Em larga medida, a literatura do século 20 foi dominada pela ironia e pelo cinismo, por livros autorreferentes onde cada frase tenta ser mais espertinha do que a seguinte, onde uma atitude blasé perante a vida era a marca de seus muitos anti-heróis. Poucos romances simbolizam tão bem a amargura elitista do nosso cinismo irônico quanto “As perfeições”, de Vincenzo Latronico, publicado no Brasil pela Todavia e indicado ao Prêmio Booker de 2025.
Desde a década de 1990, porém, especialmente a partir dos ensaios de David Foster Wallace, essa maré começa a refluir. Infelizmente, todo poema ruim é sincero. Nada mais fácil do que fugir da ironia e recair no melodrama, evitar o cinismo e resvalar no cafona. O grande mérito de Aline Bei é justamente transmitir uma sinceridade tão potente e tão imediata que arrebata a pessoa leitora, ao mesmo tempo em que não abre mão de experimentações literárias e gráficas que elevam sua obra ao nível de grande arte.
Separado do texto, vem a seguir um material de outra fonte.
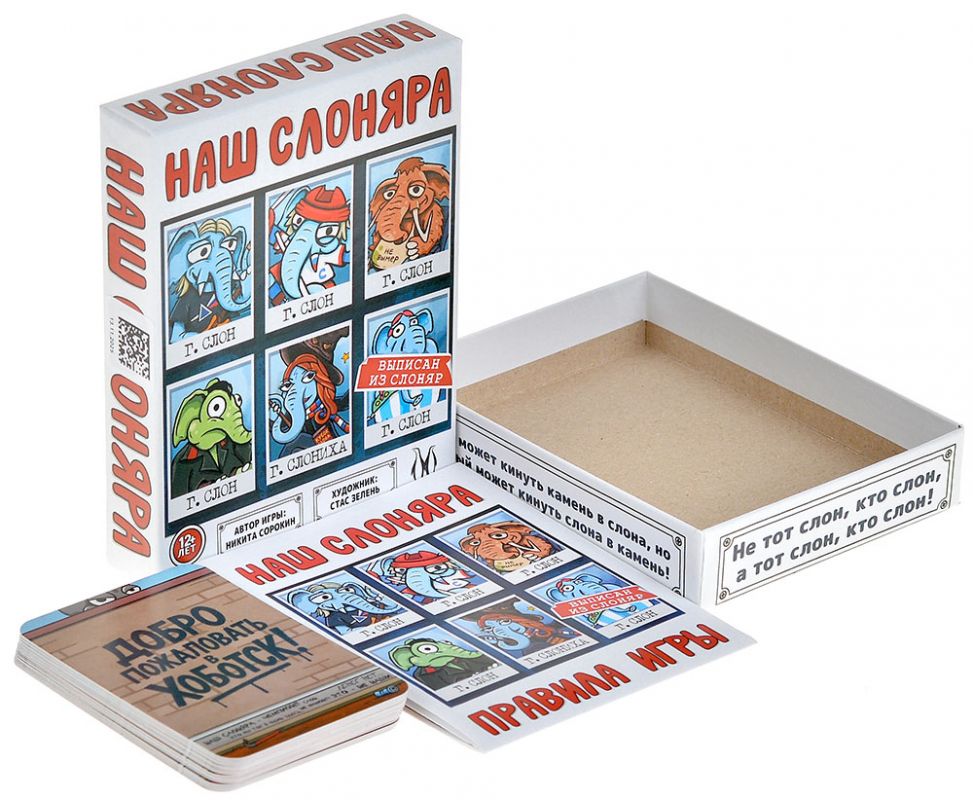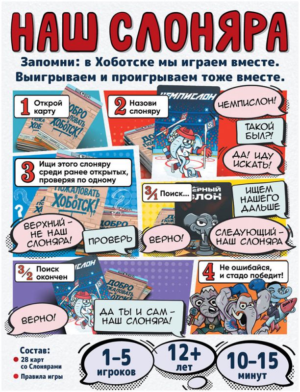 В коробке вас ждут 28 карт со Слонярами с яркими иллюстрациями и именами, которые можно запоминать или придумывать свои. Игровой процесс строится вокруг запоминания порядка карт и командного поиска совпадений, а атмосфера держится на добром юморе и постоянных репликах: «Это наш Слоняра или не наш?».​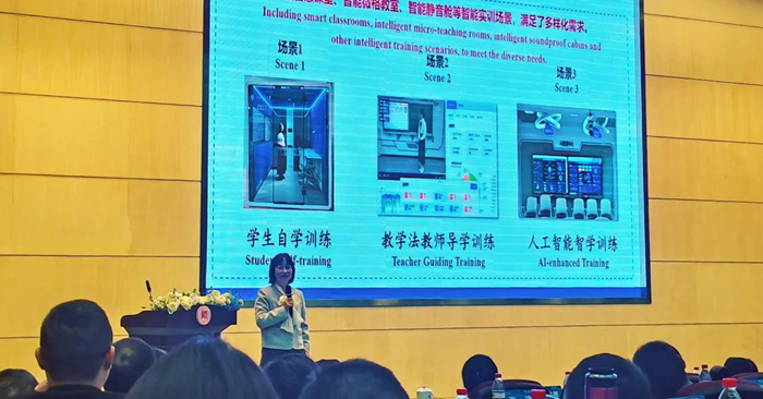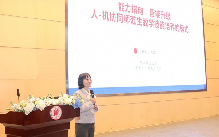 穆肅教授的報告通過華南師大與現代中慶共同組建的“師范生智能實訓關鍵技術與場景示范產學研基地”實踐,向參會嘉賓介紹了學校探索人工智能賦能師范生教學技能高質量培養的途徑和模式。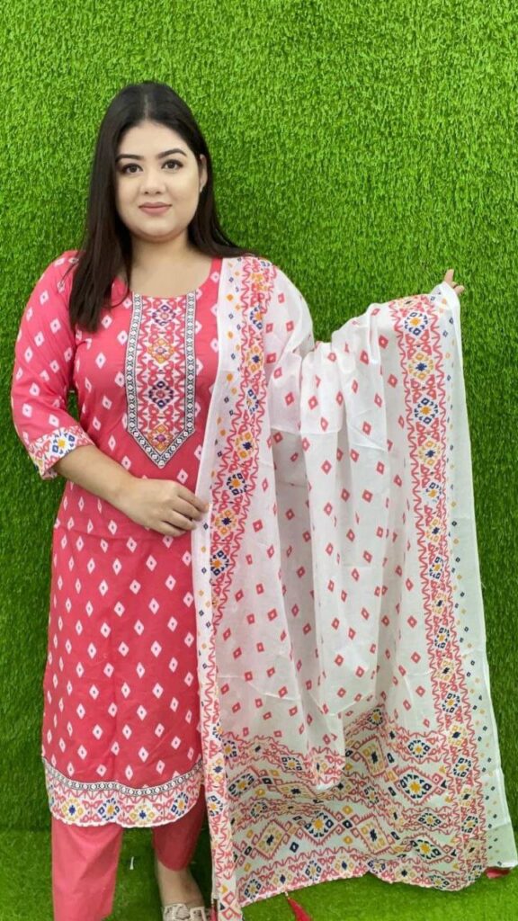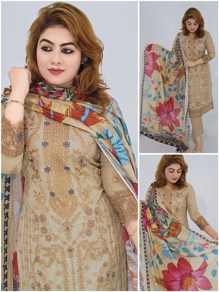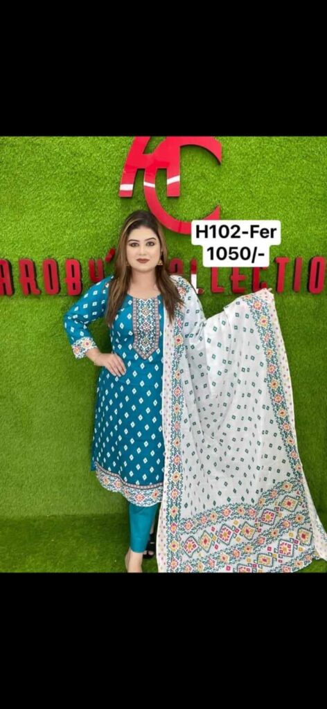 Step into timeless elegance with this Pakistani Catalogue Inspired Readymade 3 Piece Set, designed for women who love a perfect blend of comfort and style. This outfit features a beautifully printed cotton kameez, a half silk dupatta, and a comfortable straight leg cotton selwar—making it a perfect choice for daily wear, festive occasions, and family gatherings.

Naturalmente, a literatura por definição é artifício, ou seja, mentira. Quando se diz que um texto “transmite sinceridade”, não é que ele reproduz “sinceramente” as emoções ou os fatos da vida da autora. (Aliás, como Bei não escreve autoficção, nunca precisamos nos preocupar com a “verdadeira” Aline Bei, que está no livro somente como sua autora, não como personagem disfarçada piscando o olho para nós.)
O cinismo literário reinante na nossa prosa, essa atitude blasé para a vida e para a própria literatura, é uma afetação nervosa que foge ao máximo de qualquer sentimento que possa parecer autêntico, intenso. Do ponto de vista de nossos escritores irônicos e sofisticados, o que poderia ser mais cafona do que uma emoção forte levada ao seu limite mais extravagante?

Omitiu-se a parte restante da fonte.